On Tuesday in Idaho Falls, state Internet coordinators and local leaders joined together to discuss how the Gem State can speed things up.

“Urban America has access to the kinds of infrastructure that rural America at this point in time is literally drooling over,” said Wayne Talmadge.

Talmadge is the manager of the Salmon Valley Business Innovation Center in Lemhi County.

“You get outside city limits and you’re limited by providers and availability and access,” said Talmadge.

Talmadge said folks in Salmon may value their alone time on the range, but it doesn’t mean slow Internet is acceptable.

“It’s unacceptable for most anybody this day and age,” he said.

Dozens of representatives from rural Idaho counties showed up at the LinkIDAHO Broadband Summit in Idaho Falls on Tuesday.

“The problem we have in Idaho is we have low population densities,” said state broadband coordinator Mike Field.

Field is kind of a “Moses” character — here to lead Idahoans to an Internet promised land. But there’s a lot of desert in-between where the state is now, and where it should be.

“That’s a very expensive proposition to get broadband where it’s needed,” said Field.

Tuesday’s summit is a time for local government and community representatives to throw ideas around.

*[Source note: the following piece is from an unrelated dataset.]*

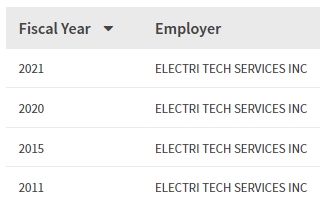 - 2011, 2015, 2020, 2021년 취업비자 스폰이력 확인.

“What we talk about is trying to bring all the users of broadband together to cooperate and make this thing work for our state,” said Field.

Field said when big broadband users like hospitals get on the same page with smaller users, a better state-wide infrastructure can be developed.

“Now, it’s not just ‘podunk Salmon,'” said Talmadge.

Talmadge said faster Internet will mean a chance for his community to compete.

“Suddenly people are able to talk intelligently, be able to communicate effectively because they have the tools to do it,” he said.